FUEL CONSUMPTION.   How long is a piece of string?  You don't buy a 790 for economy.  However, because of the relatively remote location where we live and that much of my riding involves 500km+ days, I wanted a decent range out of a tankful.  On an average ride, the instrumentation shows around 4lt per100 km.  Checks against my GPS suggests this is a little  optimistic.  I've never pushed my luck in the name of getting an absolute reading but think that a range of 270 km is pretty safe on most occasions.  Maybe 300 km if you're taking it really easy.

LUGGAGE CARRYING.  Touring on the 790 wasn't a significant criterion when considering the purchase.  There are accessories available involving bolt-on steel racks etc but I wanted to keep the minimalist, clean lines of the standard bike.  A slim rear seat pack is all I use to carry tyre repair equipment, a medikit, a few tools and documentation for my role as an IAM Examiner.  For a 6 day tour last February (HERE), I added a 10 litre yachting dry bag and a backpack which were perfectly adequate.

Travelling light for a 6 day tour

CYCLE PARTS.  The standard of finish is quite impressive.  The paintwork is as bright as the day it was bought and there's no rusting on any of the bolts or other steelwork.  I installed R&G anti-slip film where my knees touch the tank for additional protection.  The bike gets washed using an ordinary car wash 'n wax or the excellent Muc-Off  motorcycle cleaner.  I find cleaning the bike is quite therapeutic and if I'm in need of extra therapy, the paintwork might get a coating of Mother's carnauba wax on the odd occasion.

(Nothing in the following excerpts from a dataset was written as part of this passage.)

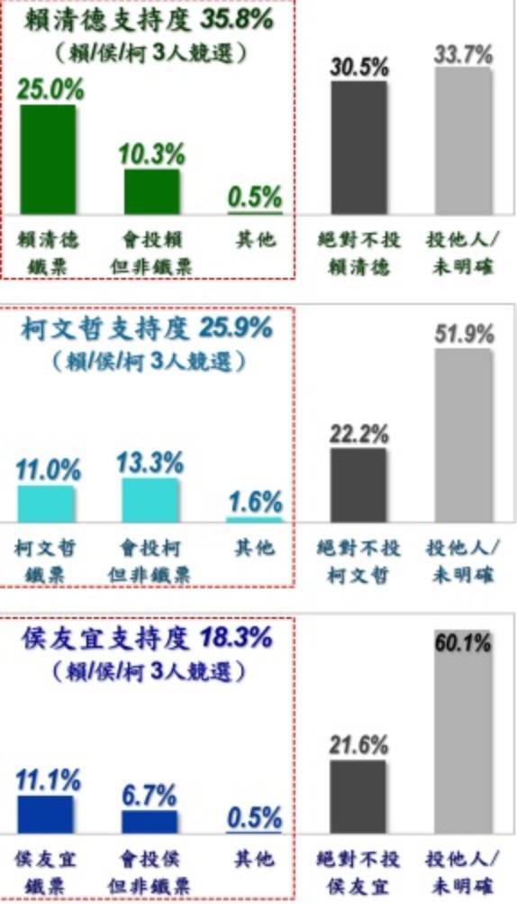 民調也特別調查三人的鐵粉比例,唯一支持賴清德的有25%,支持者凝聚力相對較高;侯友宜的鐵票為11.1%;柯文哲為11%。此外,會去投票但非任何人鐵粉的高達42.8%。
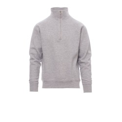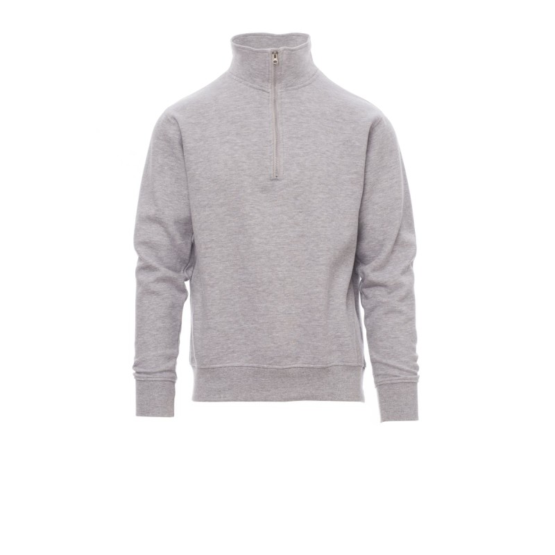 Sweat-shirt pour homme à demi-fermeture éclair assortie, en plastique avec curseur en métal, manches montées, poignets et taille en bord à côtes élastifié, coutures renforcées.
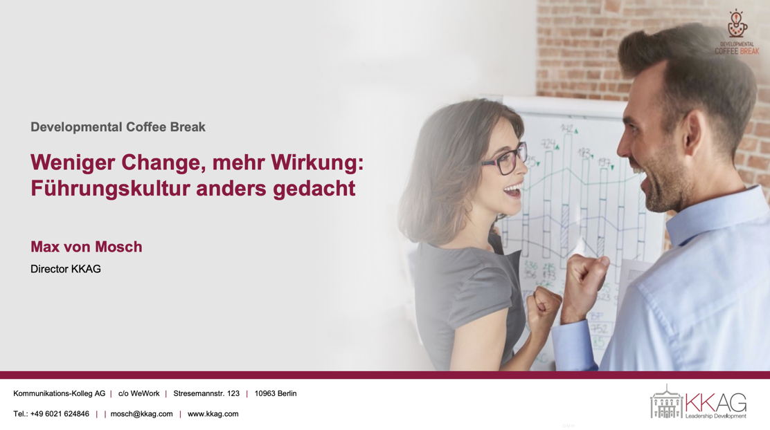 In diesem Developmental Coffee Break werfen wir einen etwas anderen Blick auf das Thema Kulturentwicklung – und zeigen, mit welchen Hebeln und Reflexionsformaten Sie die Führungskultur Ihrer Organisation wirksam in Bewegung bringen können.
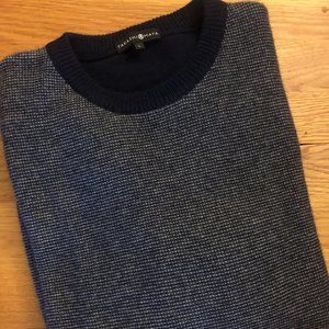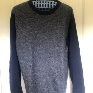 Navy checkered patter on body, solid navy on sleeves. Size Large. Like new, no tags.
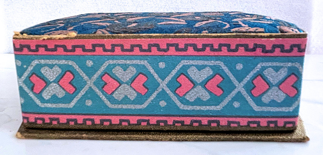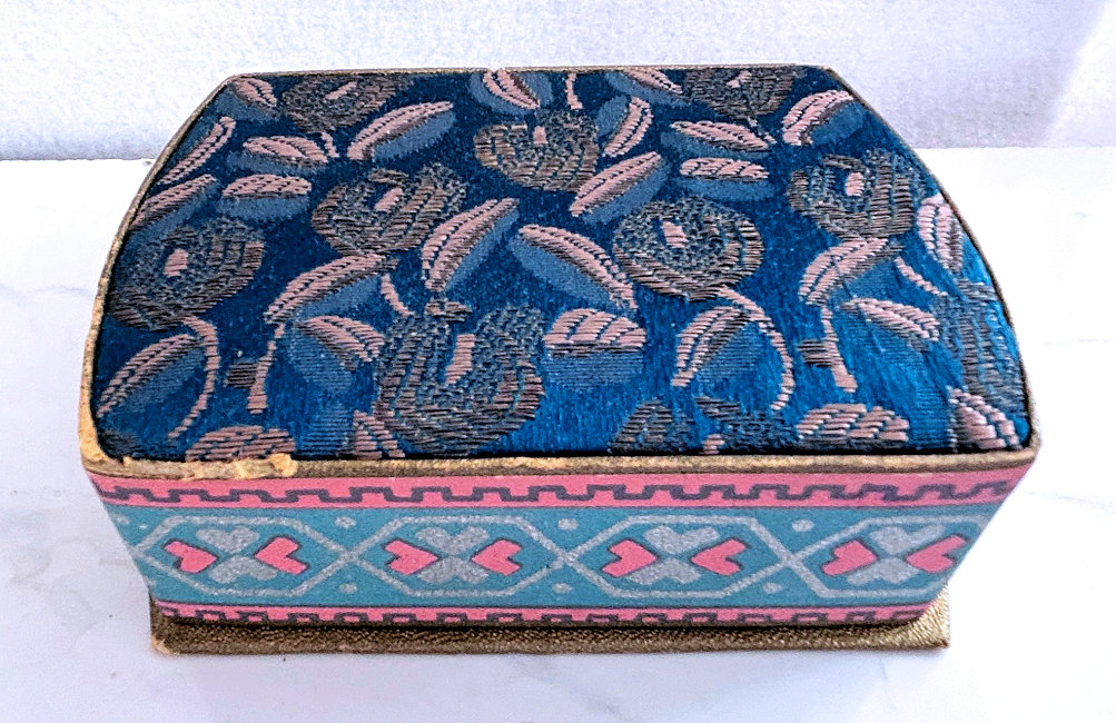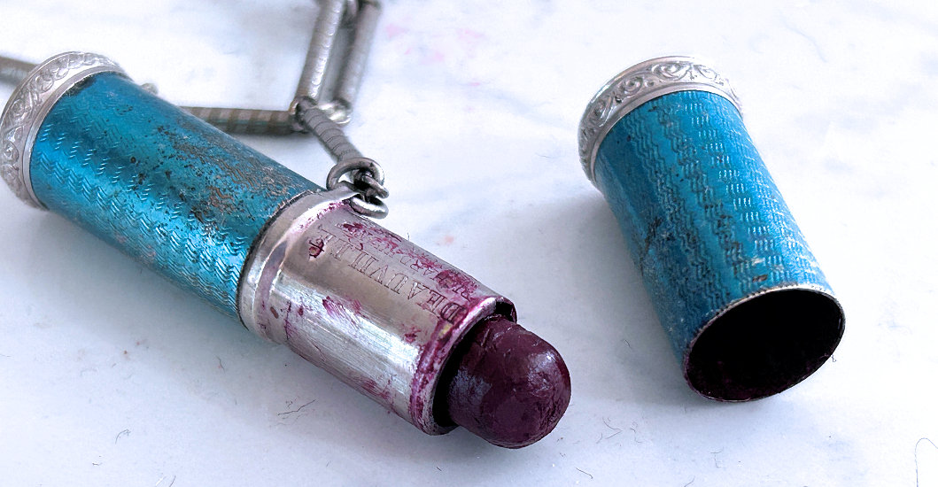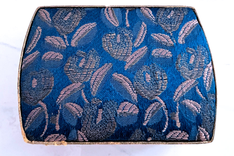 This is such a beautiful tango compact/lipstick in its original presentation box. Patented December 2, 1924, it is the Deauville design made by Richard Hudnut. Even though it has been stored in this pretty silk-covered box, this tango has been lovingly used over its 100+ years! Photos will show condition, but I will point out a faint hairline in the lid of the compact. The lipstick shows several areas of enamel loss, but still displays nicely from one side. The lipstick case has a blue "D" on one end and still has lipstick inside. The compact has a mirror powder pat on one side and a covered rouge pot and mirror on the other. There are two puffs inside although they are different colors so I am not sure if either is original or replacements. The cover on the rouge pot shows the date, Made in USA, Deauville, and Richard Hudnut. The chain and ring have embossed designs on them as does the edge of the compact and lipstick. Back of compact has damascened designs. Compact measures 2-1/8" diameter x 3/4" deep. Lipstick is 2-1/4" long. Box measures 4-1/4" x 3-1/8" x 1-1/2" high. (Click on pic for more photos.) |

R&G  grip/paint protection kit

HEADLIGHT.  I thought it would be adequate for nighttime riding where there was ambient light such as street lights.  It's actually much better than I supposed and is fine for maintaining a decent speed in the unlit countryside.  The spread of light also lights up a wide angle which is good for spotting things off the road.  I've done 5 Iron Butt (NZ equivalent)1600 km in under 24 hour rides on various bikes and would have no qualms about doing one on the 790.

No complaints at all!

Lighting up the countryside

SERVICE COSTS.  First service at 1000 km involved an oil and filter change, diagnostic computer check and a general check round the bike.  It cost NZ$279 (260 AUD, 183USD, 134GBP).  Second service at 11000km involved an oil and filter change, check and clean air filter, software upgrade, replace frame bolts under warranty, and a general check round the bike.  It cost NZ$314 (292AUD, 206USD, 161 GBP).  This was a little less than my naked GSX-S 1000 and think that it was pretty reasonable.  The dealer I use involves a 320 km round trip.  They're aware of the travel time involved and always go out of their way to turn the bike around as quickly as possible.  (Boyds in Hamilton for Kiwi riders). 

IN SUMMARY.  I've banged on about it before but to get a match made in heaven, a bike has to meet the technical needs of the prospective owner and appeal to to their emotions.  I found this out first hand when I bought the GSX-S 1000 almost on a whim.  Great performance but surprisingly, I found it bland and a bit lacking in character.  Perhaps that's a slight pointer to the differences between the majority of Japanese bikes and those from elsewhere, particularly Europe.  The 790 gets patted when I walk past it in the shed.  The Gixxer didn't.  It's worth repeating what someone said to me when I had narrowed the choice down to the Duke 790 and the 765 Street Triple R.  "It's not the way the coin lands that decides for you, but your reaction to the way the coin lands that will tell you the decision you want to make".  Those words actually made the choice a lot easier than it would have otherwise been.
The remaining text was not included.